Foods that deliver more nutrition per calorie and contain vitamins and different types of nutrients are called Power Foods.

  1. Green Leafy Vegetables – Collard greens, chard, bok choy, kale, spinach, dark lettuce and seaweeds are green leafy vegetables that are rich sources of beta-carotene, B-Complex vitamins, and folic acid and antioxidant carotenoid.
  2. Cruciferous vegetables – They are rich sources of dietary fiber, complex carbohydrates, beta-carotene and B-Complex vitamins.



    Example cabbage, cauliflower and broccoli.
  3. Orange Vegetables – They are loaded with antioxidants, beta-carotene, Vitamin C and E and include carrot, cantaloupe, butternut squash, pumpkins and sweet potatoes.
  4. Tomatoes – They are made up of Vitamin C, antioxidant and amino acid.
  5. Beans and Lentils – They are high fiber and are excellent sources of protein, and are rich in folic acid, Vitamin B6, iron, potassium and zinc.
  6. Berries and Grapes – Blueberries are packed with fiber and antioxidants. They contain beta-carotene and flavonoids (phyto-nutrient).



    Strawberries and raspberries are packed with Vitamin C, antioxidants and carotenoids. Cranberries contain Vitamin C and antioxidants.
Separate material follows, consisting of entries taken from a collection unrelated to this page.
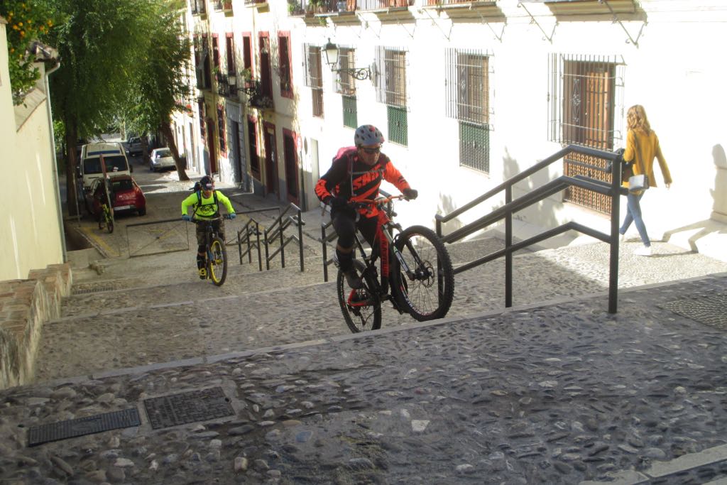 El comienzo de la ruta me dio que pensar… Salimos desde Puente Verde. Junto a EMASAGRA hay unas escalerillas, que un día, hace ya años, se las vi hacer a mi amigo Vicente. Aquello me impresiono. Un tío montao en bici, subiendo ese montón de escaleras, no puede ser normal…
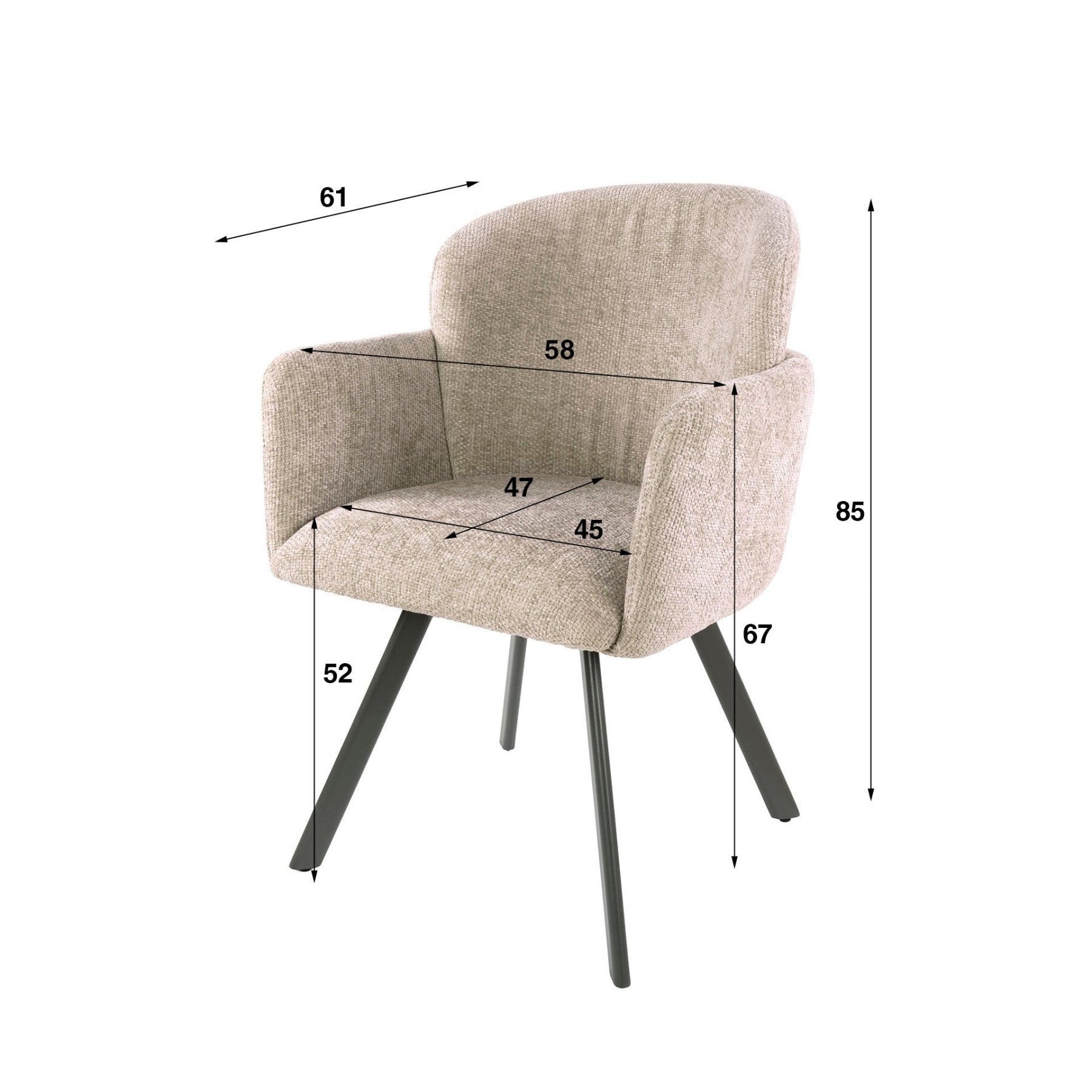 This set of 2 Luma dining chairs in Hoven rich sand combines a warm, natural color with a soft and easy-to-maintain material. The comfortable armrest and the light, modern design make these chairs suitable for daily use at the dining table but also as extra seating in the office or living room. The timeless design complements Scandinavian and modern interiors.
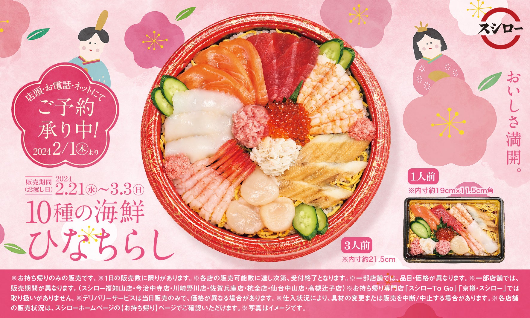 毎年ご好評をいただく、ひな祭の時期に合わせて、期間限定で登場する「10種の海鮮ひなちらし」を今年も販売いたします。ご予約は、2月1日(木)より開始いたします。まるで花が咲き誇っているような豪華で華やかな見た目のひなちらしは“ハレの日”にぴったりです。スシロー不動の人気を誇る「厳選めばち鮪」、「サーモン」、ふっくら仕上げた「えび」、ねっとりとした旨みの濃い卵を厳選した「いくら」などの10種の人気ネタを揃えております。ご家族など複数人で楽しめる3人前と、おひとりさまずつでも楽しめる1人前の2種類のサイズをご用意しておりますので、シーンに合わせてお選びください。
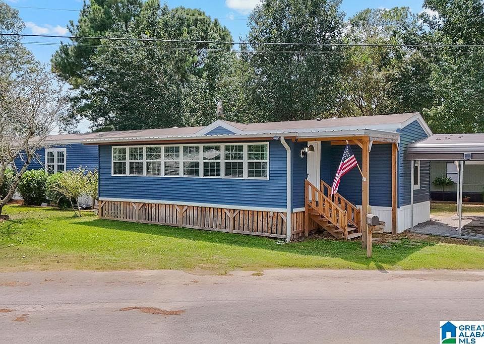 Built in 2022, this custom 16x80 mobile home offers modern comfort in the sought-after Spring Creek area of Lay Lake. With 3 bedrooms and 2 baths, the split-bedroom layout provides privacy while the open living spaces make it easy to gather with family and friends. A bright sunroom adds extra space to relax and enjoy the peaceful setting. The property also includes a convenient storage building, perfect for lake toys or tools and a 2 car carport. Situated on a leased lot, this home makes an excellent weekend getaway or a comfortable full-time residence, just steps from the water and all that lake life has to offer.
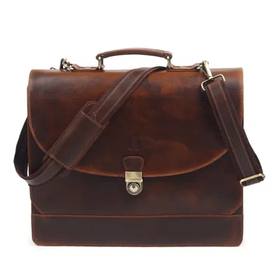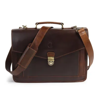 Men's Brown Leather Messenger Laptop Briefcase- Loculus
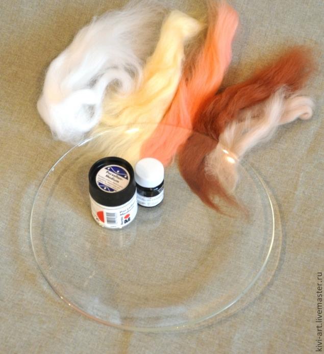 Вдохновили меня на эту работу картины.сделанные в технике "шерстяная акварель".Захотелось применить это как-то для утилитарных целей.Вот я и решила,что сделаю обратный декупаж шерстью. Запекаемыми материалами-не интересно мне делать вещи,которые будут без дела пылиться на полках...

    Purple grapes contain Vitamin C, potassium and a flavonoid.
  7. Citrus Fruits – They are high in Vitamin C, potassium and folic acid and contain antioxidants. Example lemon, oranges, grapefruit and tangerine.
  8. Nuts and Seeds – Nuts are excellent sources of folic acid, Vitamin D, magnesium and copper. Example walnuts and almonds are rich in mono-saturated fats and are good sources of fiber and protein. Seeds are abundant sources of protein, iron, Vitamin E and phosphorus. Sunflower, pumpkin and flaxseeds are good sources of phyto-estrogen and contain antioxidant properties.
  9. Omega-3 Fatty Acids – Seafood in particular are good sources of omega-3 fatty acids, protein and nutrients. Example tuna, salmon and trout.
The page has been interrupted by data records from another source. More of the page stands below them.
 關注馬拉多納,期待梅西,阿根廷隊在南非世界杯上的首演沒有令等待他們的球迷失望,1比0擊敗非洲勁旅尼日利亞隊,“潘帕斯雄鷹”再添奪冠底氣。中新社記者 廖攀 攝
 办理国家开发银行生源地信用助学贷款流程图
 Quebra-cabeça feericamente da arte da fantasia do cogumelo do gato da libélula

    Flax seeds also contain omega-3.
  10. Mono-saturated Fats – Heart healthy mono-saturated fats are found in canola, olives, olive oil, peanut oil and nuts and avocados.
  11. Whole-grain – Whole-grain breads and cereals that contain bran are good sources of fiber, B-vitamins and minerals like iron, zinc and magnesium.